(WHAT TO WORK ON):
Starting with the line that has "Mobiletto da bagno, bianco" in the records below and ending with the line that has "15A 10米(黑色/綠色/沙色) OFC31210", output those lines exactly and nothing more; omit the pictures.

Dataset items
————————
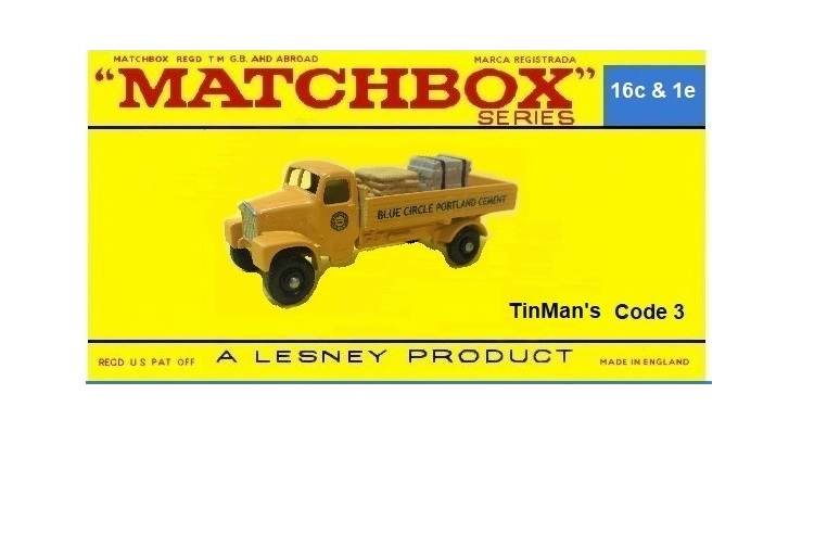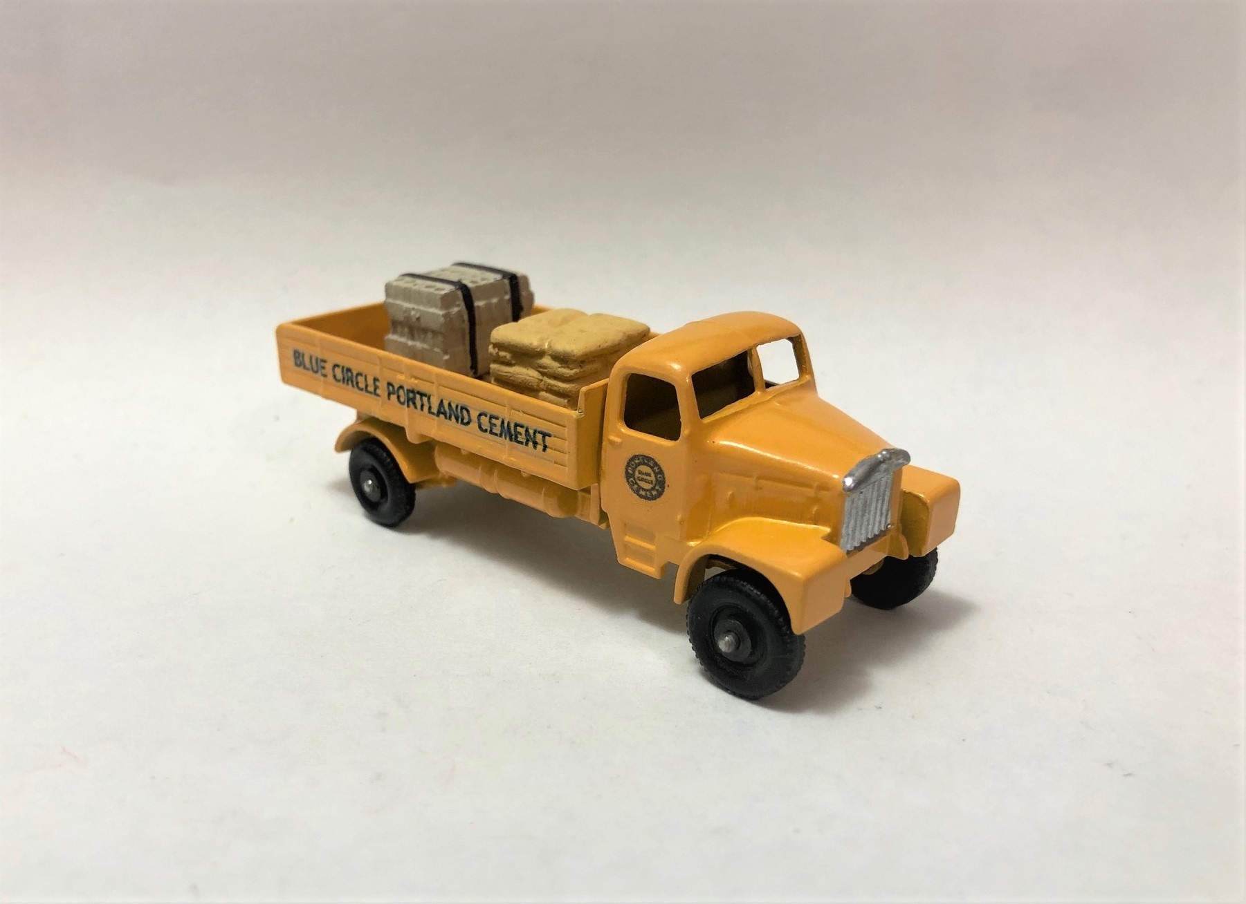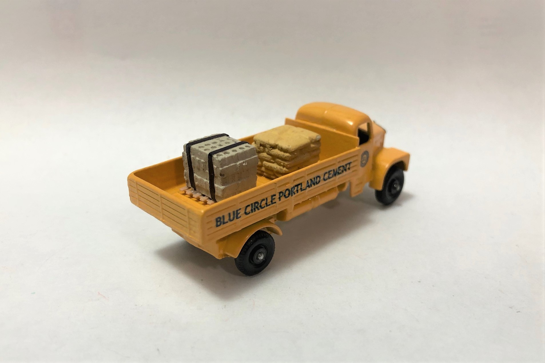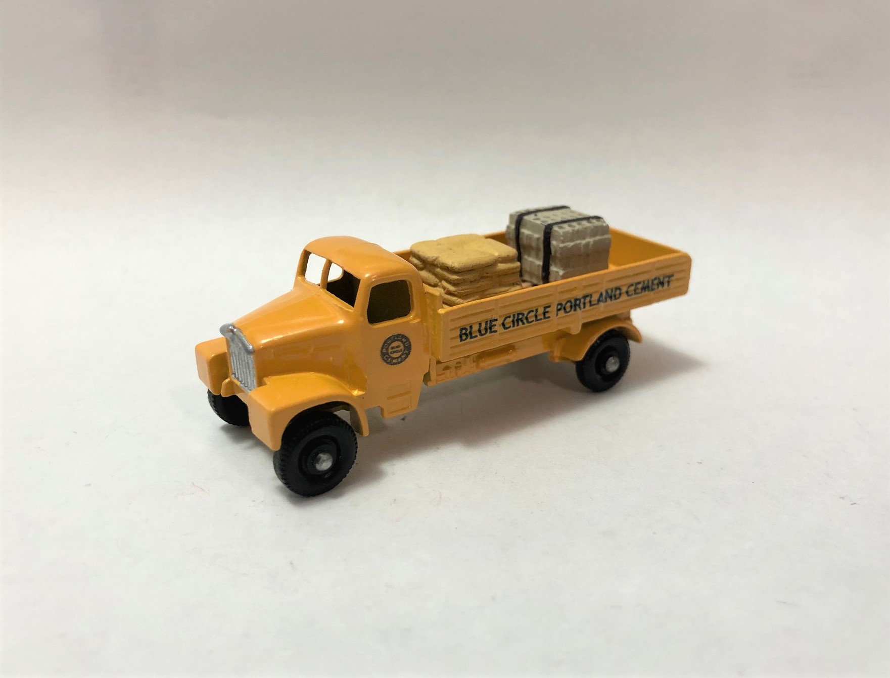 The long, long truck! Another 16c, which was missing a plow and a dumper bed, was looking to team up with something else. A play worn 1e missing the canvas bed cover, with a broken tow hook and a broken windscreen decided to donate it's bed. A Pallet load of cement bags and another pallet of concrete bricks round out the load. Bricks and cement bags are made from plaster of Paris, the pallets are plastic. The long, long truck gets it's own box too.
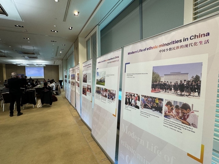?3月14日,由中國人權研究會主辦的“現(xiàn)代化發(fā)展中的少數民族受教育權——以中國西藏和新疆為例”主題邊會在瑞士日內瓦舉行。圖為會議現(xiàn)場舉辦的“中國少數民族的現(xiàn)代化生活”圖片展。新華社記者石松攝
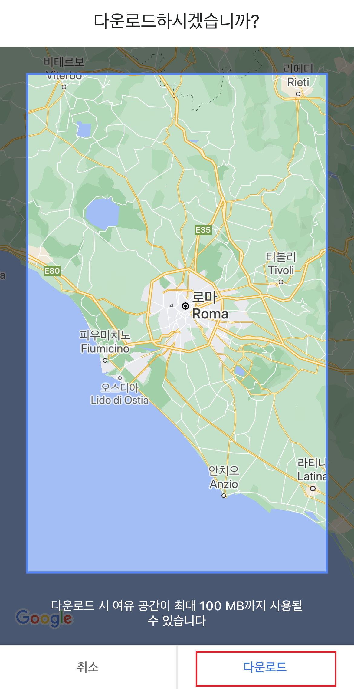 구글지도 오프라인 저장하려는 지역이
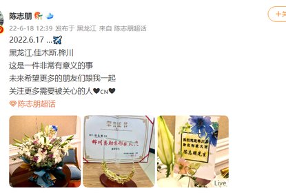 志朋晒出自己获得的桦川县助农形象大使荣誉证书,并发博写道:“...
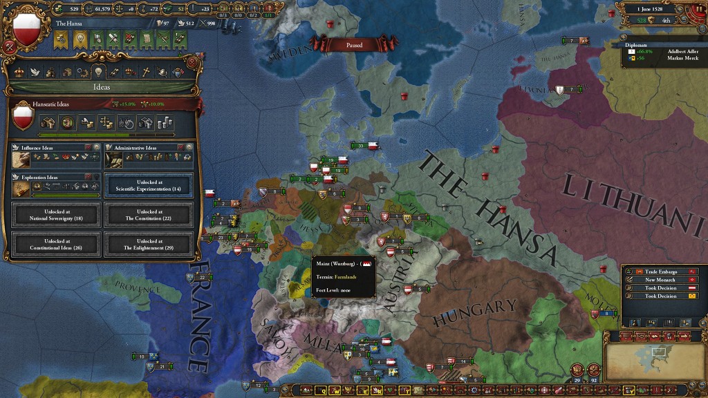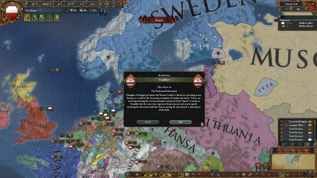 이제 슬슬 폴란드 변신해서 전투아이디어를 끼얹으면 좋을텐데 그놈의 신롬 선제후가 뭔지 참 애먹이네요ㅋㅋ
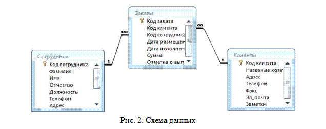 29. В результате должна получиться схема данных, представленная на рис. 2. В приведенном примере используются связи «один-ко-многим». На схеме данных они отображаются в виде соединительных линий со специальными значками около таблиц. Связь «один-ко-многим» помечается «1» вблизи главной таблицы (имеющей первичный ключ) и «∞» вблизи подчиненной таблицы (имеющей внешний ключ). Связь «один-к-одному» помечается двумя «1» (оба поля таблиц имеют первичные ключи). Неопределенная связь не имеет никаких знаков. Если установлено объединение, то его направление отмечается стрелкой на конце соединительной линии (ни одно из объединенных полей не является ключевым и не имеет уникального индекса).
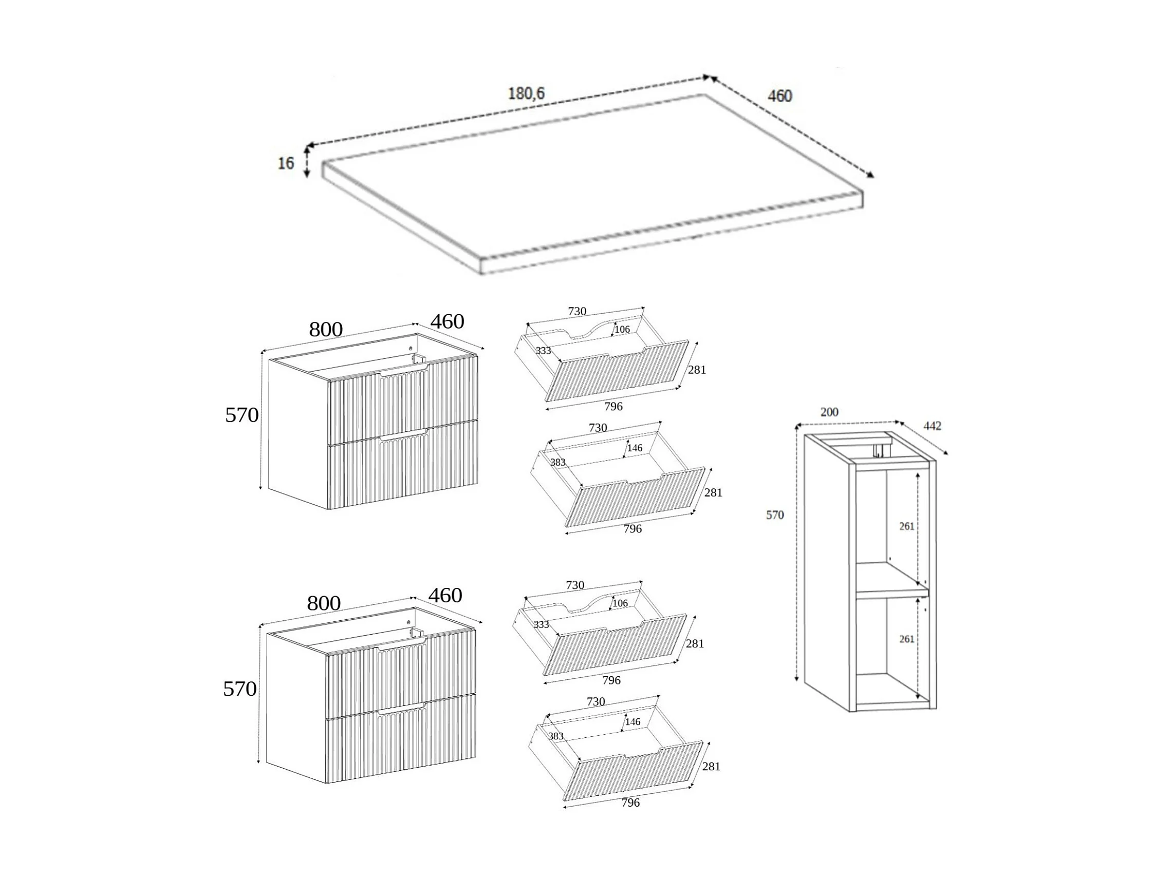 Mobiletto da bagno, bianco / rovere Craft 180 (2 x 80 + 20) x 58,6 x 46 cm
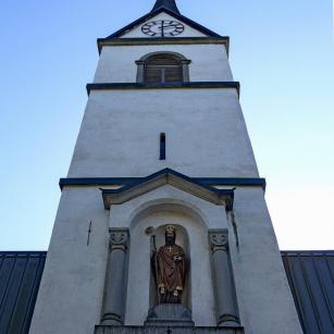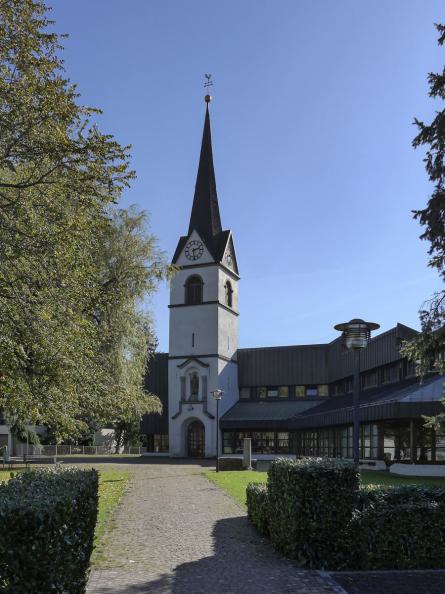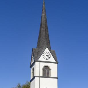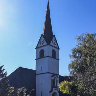 Den Kirchturm (aus der Mitte des 19. Jahrhunderts) sieht man schon von Weitem, wenn man zB auf dem Bodensee-Rundweg mit Fahrrad unterwegs ist und durch den schönsten Abschnitt fährt: Bregenz - Rheindelta - Gaißau/Rheineck - Rorschach. Hierbei kommt man auch vorbei am Kloster Mehrerau und der Kirche St. Sebastian in Hard.
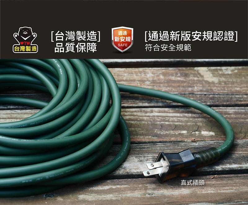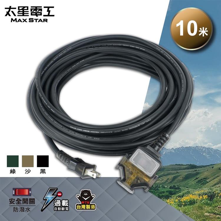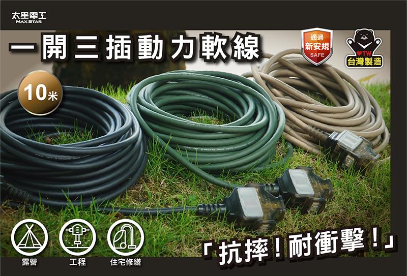【太星電工】一開三插動力軟線/2P 15A 10米(黑色/綠色/沙色) OFC31210
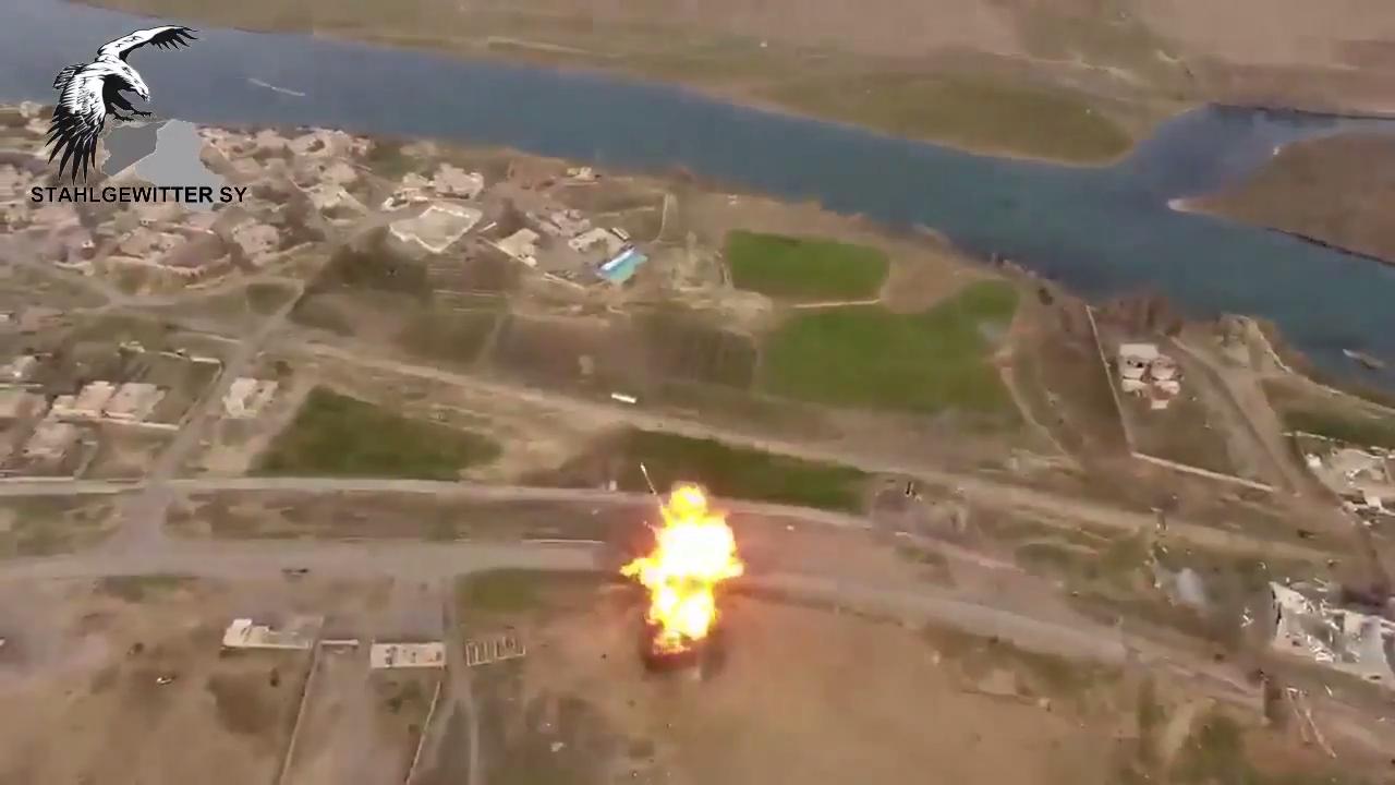 Iraqi Army Aviation footage of ISIS terrorist planting an IED and having it blow up in his face in Badush
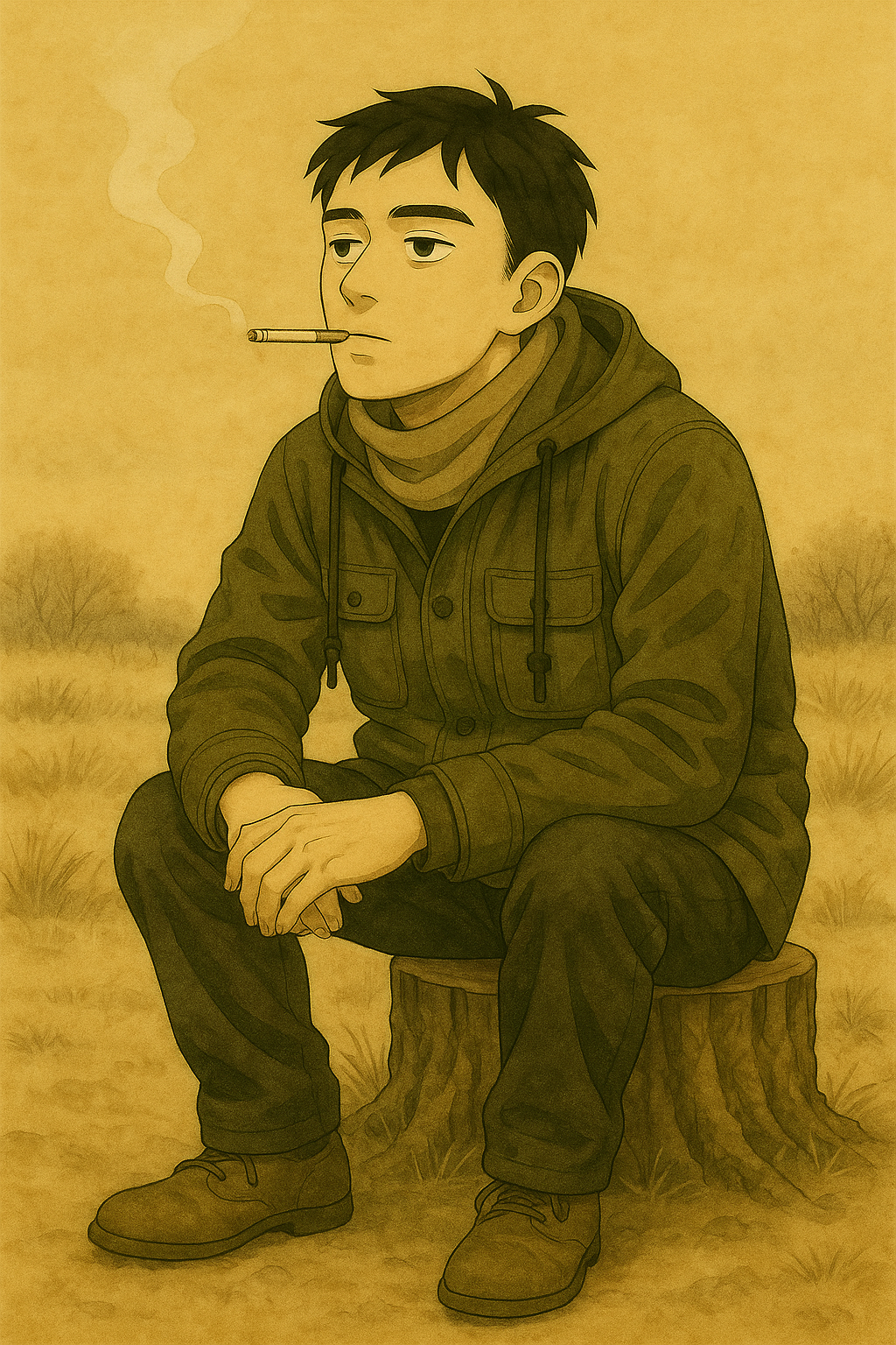 모닥불 옆에서 멀찌감치 떨어지는 남자.
————————
(OUTPUT):
 Mobiletto da bagno, bianco / rovere Craft 180 (2 x 80 + 20) x 58,6 x 46 cm
 Den Kirchturm (aus der Mitte des 19. Jahrhunderts) sieht man schon von Weitem, wenn man zB auf dem Bodensee-Rundweg mit Fahrrad unterwegs ist und durch den schönsten Abschnitt fährt: Bregenz - Rheindelta - Gaißau/Rheineck - Rorschach. Hierbei kommt man auch vorbei am Kloster Mehrerau und der Kirche St. Sebastian in Hard.
【太星電工】一開三插動力軟線/2P 15A 10米(黑色/綠色/沙色) OFC31210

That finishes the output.